I guess the high level things (genres they like most), I would expose as keywords in the search, and the songs I would expose as embeddings. Then fuse the two together, in some weighted manner using reciprocal rank fusion (RRF).

You have different types of correlation and search, and you can fuse them together to give the overall ranking and top recommendations.

If the keywords are very similar, you would de-prioritize the keyword stream somewhat, but still rank on recent audio embeddings.

I think it is less related to OpenAI because you don’t have a human language text in the input data, not you have to produce one as a result of the model output. It looks like a Keras/PyTorch Recommendation System.
But, if you want to solve it with the OpenAI anyway, you can build a fine-tuned model with the following prompts (for every user in the database):

SYSTEM: You are a helpful music recommendation assistant. 
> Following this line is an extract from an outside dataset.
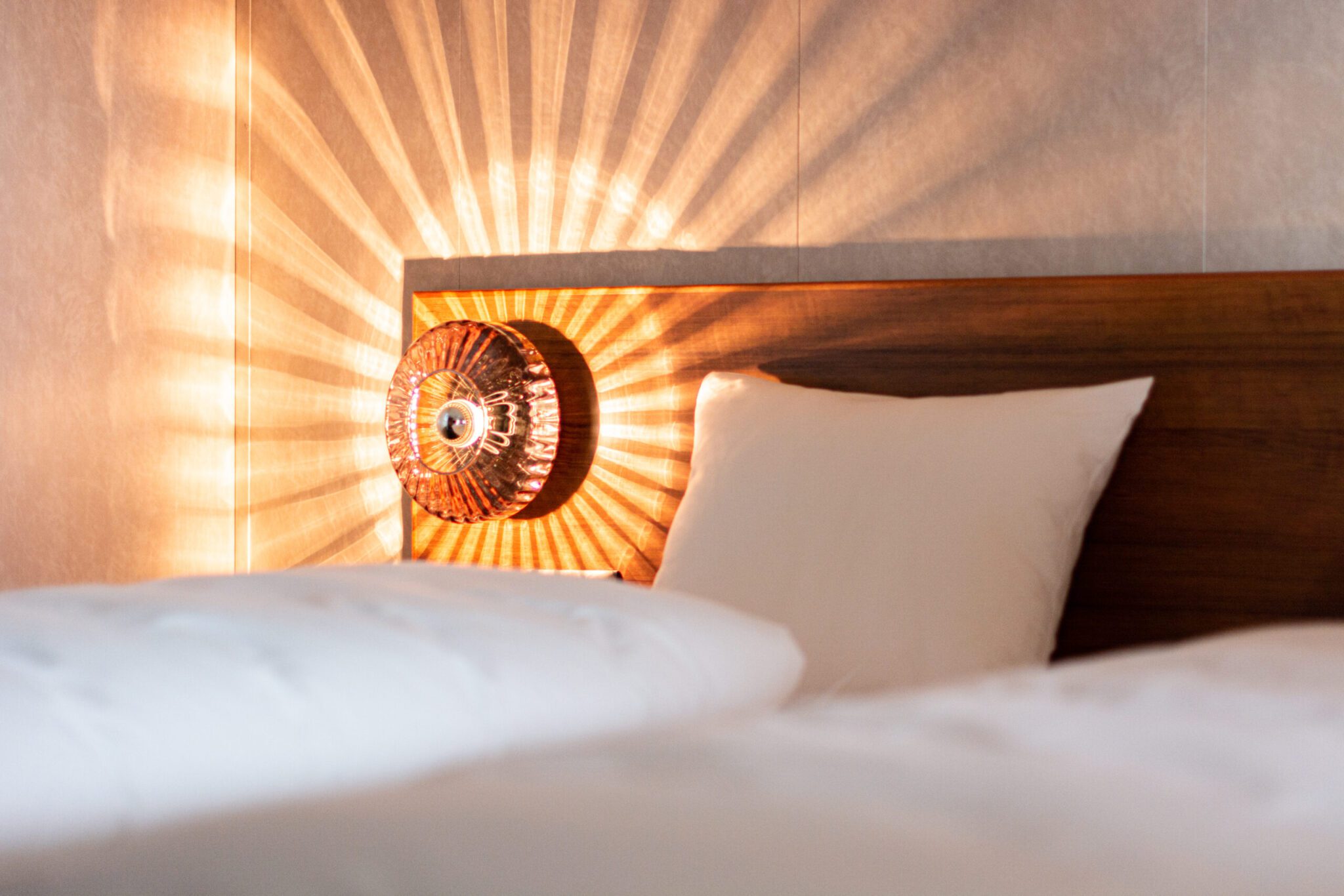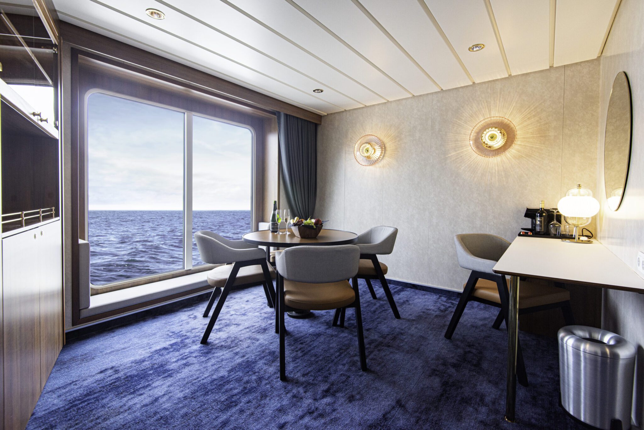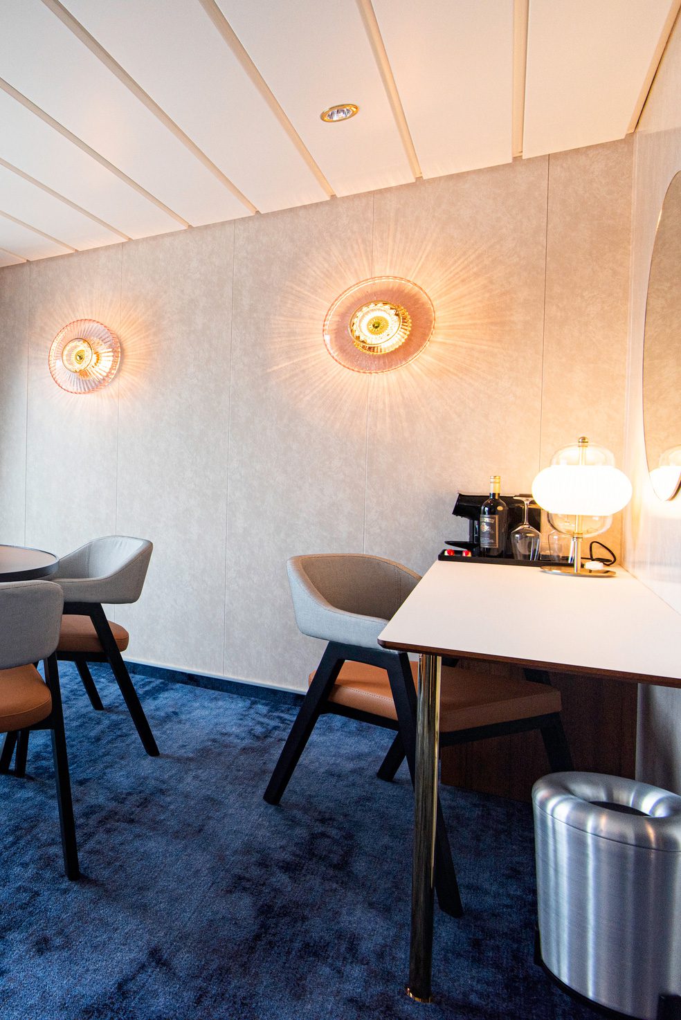 In the suites, New Wave lamps and Shahin table lamps bring warmth and character. The New Wave Optic Wall Lamps act as stylish highlights. In the cabins, the Rose-colored New Wave Optic Wall Lamps pair with Shahin Table Lamps as elegant nightlights. As a result, passengers can relax in calm surroundings after a long day at sea.

USER: Build a queue of next songs to play based on a user profile, song that is currently playing and embedded history/sessions logs of the users. 
The user profile format is: name, address, origin, annual income, car mark, monthly budget.
The song history format is: date, song name, artist, genre, danceability, number of links, number of likes, etc...
The output format should be: song name, confidence score.
The returned confidence score should be between 0..1.
Return up to 6 songs sorted by the confidence score.
You can return the songs that the user has already listened to and you are confident that they would like to listen the same song again.
Today is: 24/11/2023
###
User profile: 
Jhon Jhon, LA, Spanish, 60000$, Lincoln, 100$
Song history:
Date1, Song1,  Artist1, ...
Date2, Song2,  Artist2, ...
Date3, Song3,  Artist3, ...
Date4, Song4,  Artist4, ...
Date5, Song5,  Artist5, ...

ASSISTANT: 
Song1111, 0.9
Song2222, 0.5
Song3333, 0.4
Song4444, 0.2

When building fine-tuned model add multiple records from the same user but with cut song history and updated “Today” date. This way you can validate the newest listened songs, like in the Time-Series dataset predictions.
You can ask from the OpenAI to explain its decision by adding to the prompt: “Build chain-of-thought”, or “Let’s think step-by-step”.

As far as I can see, all the data is already in the database. Isn’t it simpler to do a simple fuzzy query? Fuzzy phrase similarity in SQL Server - Stack Overflow
Is any user interaction with the service expected? If yes, then AI can be interesting to understand speech and do some action. Otherwise, I don’t see the point of using AI.